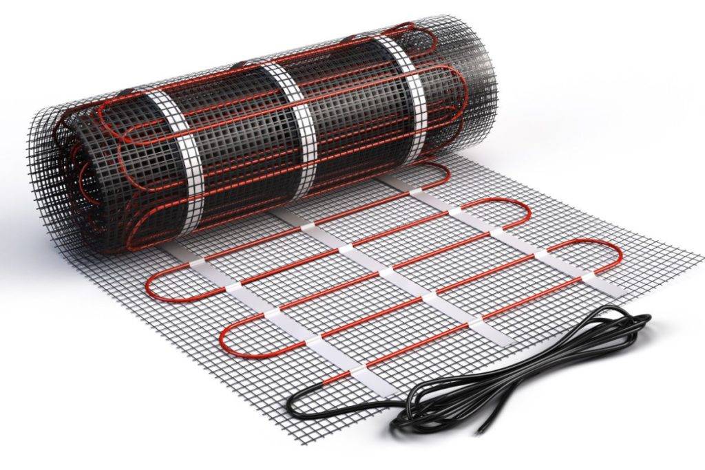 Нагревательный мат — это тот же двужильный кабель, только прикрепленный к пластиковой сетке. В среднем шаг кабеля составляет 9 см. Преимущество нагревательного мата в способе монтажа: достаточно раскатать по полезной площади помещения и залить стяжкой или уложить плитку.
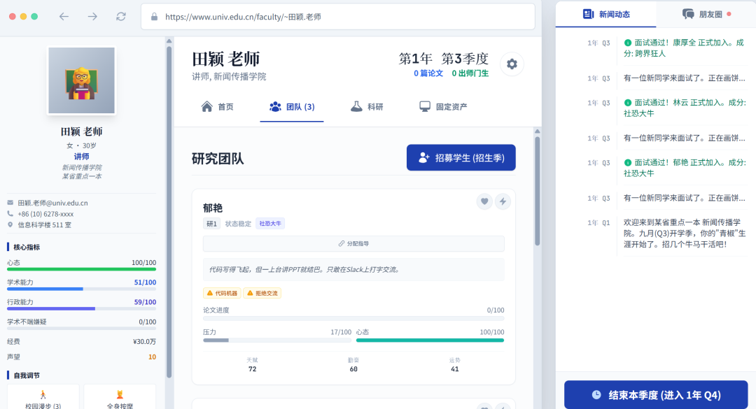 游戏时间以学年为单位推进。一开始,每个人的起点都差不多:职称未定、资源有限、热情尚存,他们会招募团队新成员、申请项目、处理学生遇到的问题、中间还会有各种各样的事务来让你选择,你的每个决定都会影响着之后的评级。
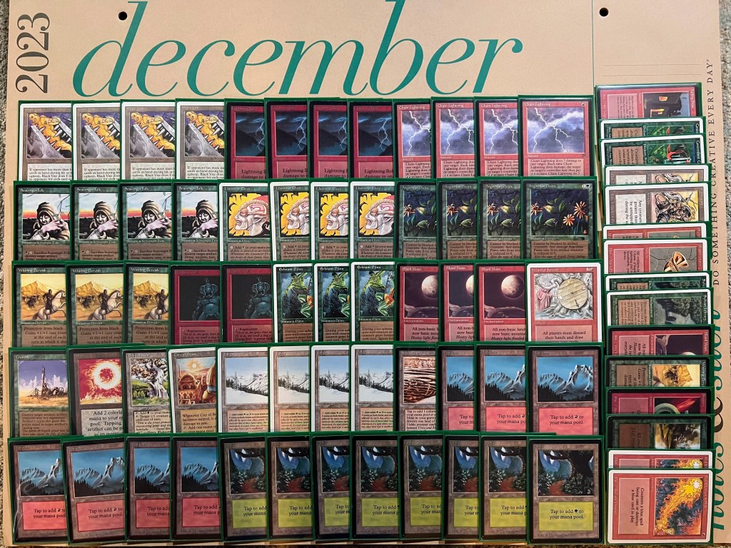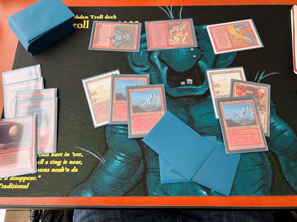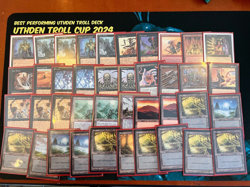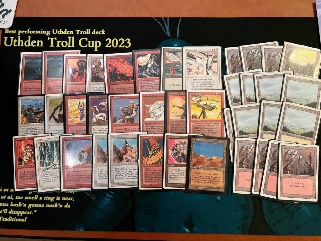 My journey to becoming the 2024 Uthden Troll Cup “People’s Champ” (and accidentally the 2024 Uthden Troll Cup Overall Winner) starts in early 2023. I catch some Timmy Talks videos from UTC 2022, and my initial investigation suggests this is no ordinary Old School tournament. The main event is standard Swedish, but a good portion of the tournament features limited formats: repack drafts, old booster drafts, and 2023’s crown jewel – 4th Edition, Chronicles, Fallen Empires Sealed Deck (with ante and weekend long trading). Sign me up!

▬▬▬▬▬▬

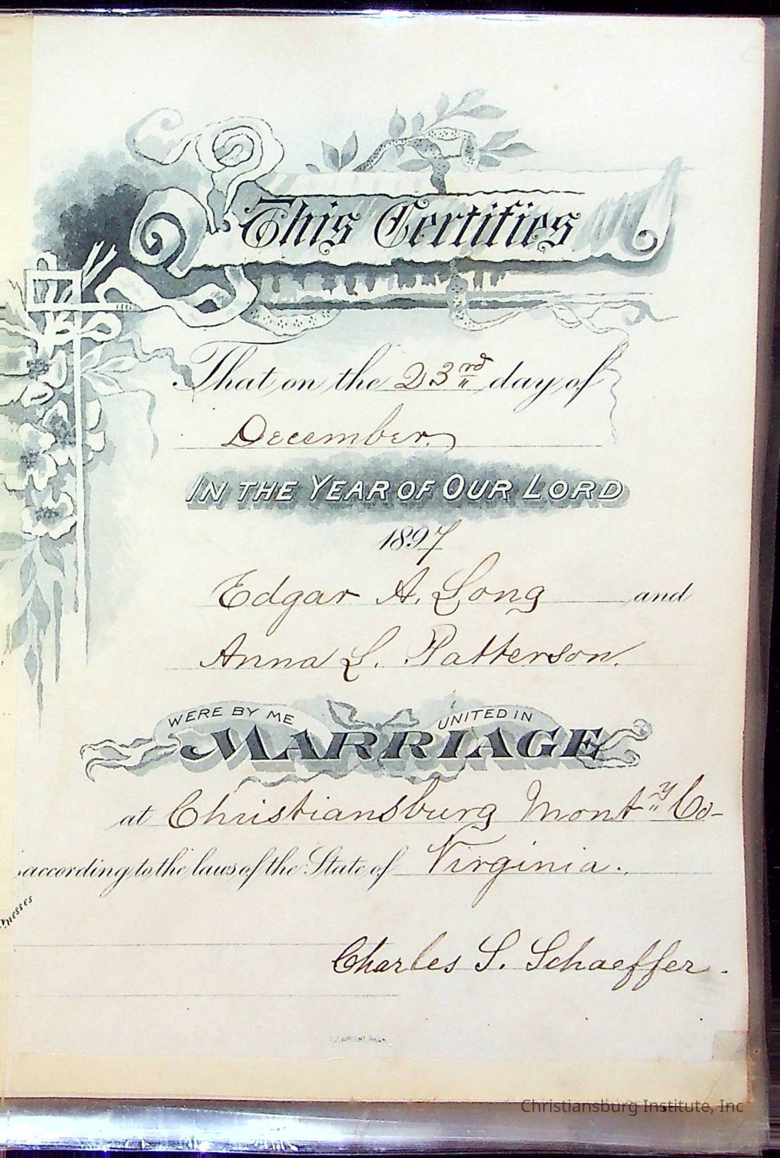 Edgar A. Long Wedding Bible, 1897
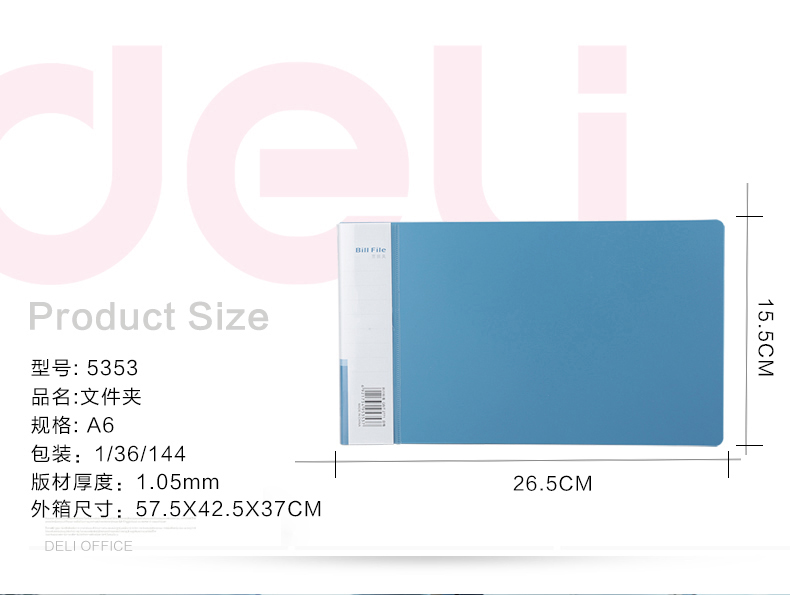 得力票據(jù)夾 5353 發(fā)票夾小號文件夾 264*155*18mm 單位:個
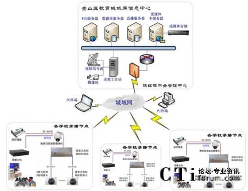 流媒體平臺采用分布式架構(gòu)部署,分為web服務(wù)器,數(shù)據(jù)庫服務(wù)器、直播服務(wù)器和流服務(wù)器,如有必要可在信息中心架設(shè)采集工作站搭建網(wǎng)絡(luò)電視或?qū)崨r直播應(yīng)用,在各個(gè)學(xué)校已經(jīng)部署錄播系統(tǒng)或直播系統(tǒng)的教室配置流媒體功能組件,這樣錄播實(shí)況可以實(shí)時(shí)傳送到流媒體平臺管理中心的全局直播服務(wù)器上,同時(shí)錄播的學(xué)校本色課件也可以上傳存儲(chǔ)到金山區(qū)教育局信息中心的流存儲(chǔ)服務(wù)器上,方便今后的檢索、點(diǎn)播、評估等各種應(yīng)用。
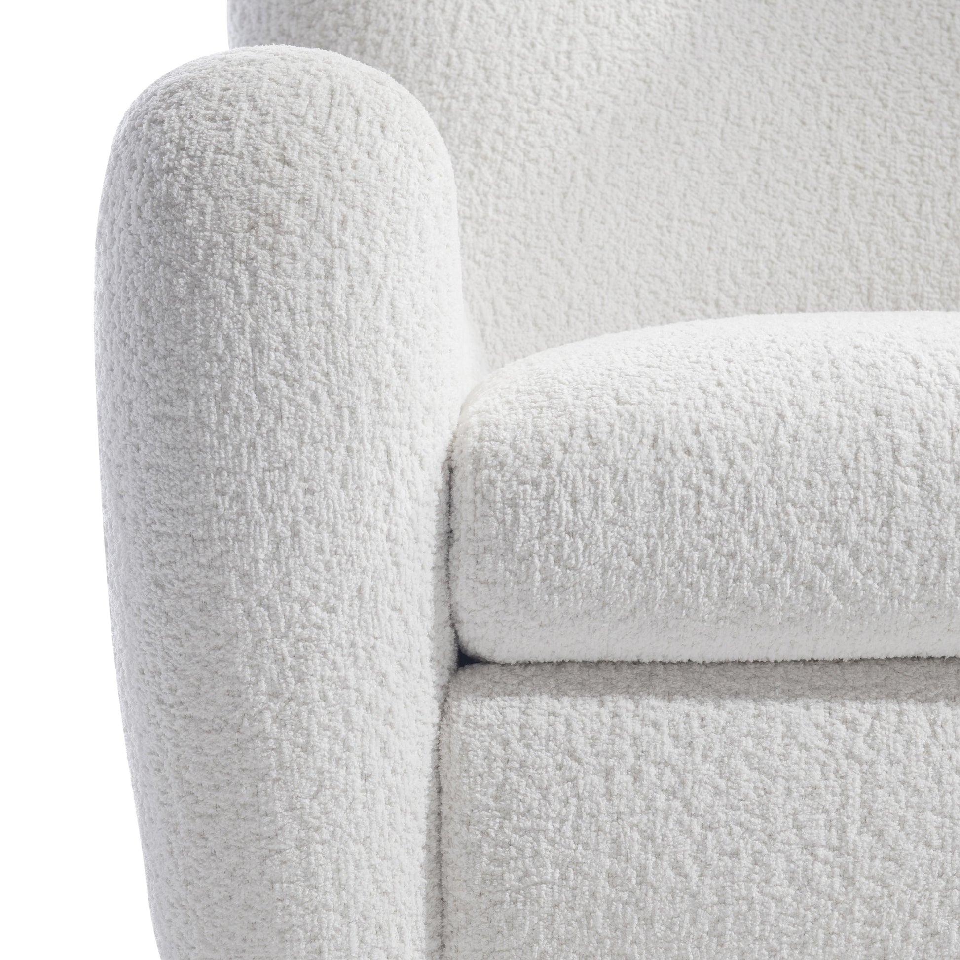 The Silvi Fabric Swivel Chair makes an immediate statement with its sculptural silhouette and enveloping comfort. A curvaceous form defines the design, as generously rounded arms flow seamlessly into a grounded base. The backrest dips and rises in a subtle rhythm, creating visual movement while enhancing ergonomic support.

▬▬▬▬▬▬

> **Prompt**: Copy exactly the lines of the entries above from the one containing "Нагревательный мат —" through the one containing "My journey to". Both end lines count; pictures do not.

> **Result**:
 Нагревательный мат — это тот же двужильный кабель, только прикрепленный к пластиковой сетке. В среднем шаг кабеля составляет 9 см. Преимущество нагревательного мата в способе монтажа: достаточно раскатать по полезной площади помещения и залить стяжкой или уложить плитку.
 游戏时间以学年为单位推进。一开始,每个人的起点都差不多:职称未定、资源有限、热情尚存,他们会招募团队新成员、申请项目、处理学生遇到的问题、中间还会有各种各样的事务来让你选择,你的每个决定都会影响着之后的评级。
 My journey to becoming the 2024 Uthden Troll Cup “People’s Champ” (and accidentally the 2024 Uthden Troll Cup Overall Winner) starts in early 2023. I catch some Timmy Talks videos from UTC 2022, and my initial investigation suggests this is no ordinary Old School tournament. The main event is standard Swedish, but a good portion of the tournament features limited formats: repack drafts, old booster drafts, and 2023’s crown jewel – 4th Edition, Chronicles, Fallen Empires Sealed Deck (with ante and weekend long trading). Sign me up!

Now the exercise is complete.